*** Opening THE DATA ***
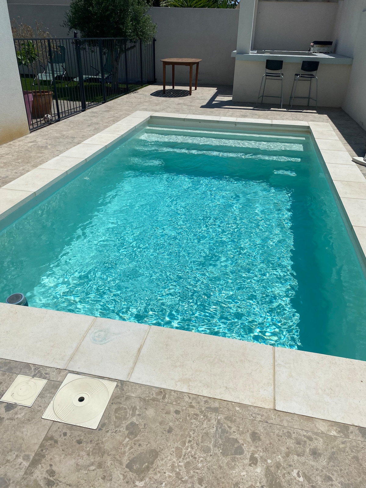 El alojamiento está situado cerca de Béziers, en la planta baja de una villa. Está totalmente dedicado a ti con entrada privada, 2 dormitorios, 1 sala de estar, 1 cocina equipada y 1 baño. Capacidad máxima recomendada: 4 adultos y 2 niños. Tienes acceso a un jardín con una terraza de madera que incluye una mesa y una plancha para asar. Una gran piscina está abierta (9x4,5 m) entre mediados de junio y mediados de septiembre. La ubicación es ideal si te gusta el sol (300 días), el mar (a 20 minutos) o las caminatas.
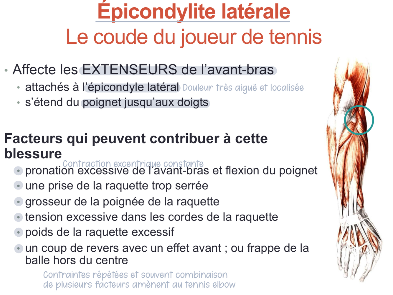 quel est l’autre nom pour l’épicondylite latérale, quelles structures affecte-t-elle et quels sont les facteurs contribuants?
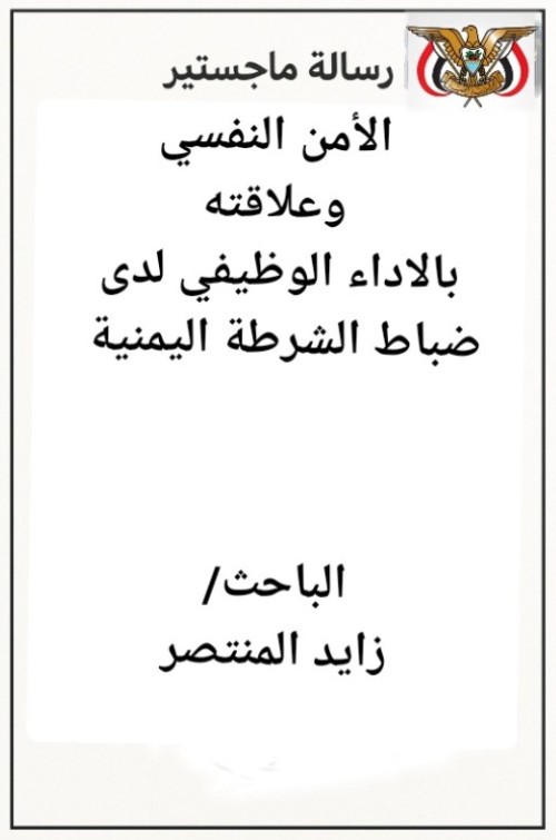 ماجستير في الأمن النفسي وعلاقته بالاداء الوظيفي لدى ضباط الشرطة اليمنية
*** Closing THE DATA ***
The preceding listing must be repeated exactly, with all images dropped.

__FINISHED EXERCISE__.
 El alojamiento está situado cerca de Béziers, en la planta baja de una villa. Está totalmente dedicado a ti con entrada privada, 2 dormitorios, 1 sala de estar, 1 cocina equipada y 1 baño. Capacidad máxima recomendada: 4 adultos y 2 niños. Tienes acceso a un jardín con una terraza de madera que incluye una mesa y una plancha para asar. Una gran piscina está abierta (9x4,5 m) entre mediados de junio y mediados de septiembre. La ubicación es ideal si te gusta el sol (300 días), el mar (a 20 minutos) o las caminatas.
 quel est l’autre nom pour l’épicondylite latérale, quelles structures affecte-t-elle et quels sont les facteurs contribuants?
 ماجستير في الأمن النفسي وعلاقته بالاداء الوظيفي لدى ضباط الشرطة اليمنية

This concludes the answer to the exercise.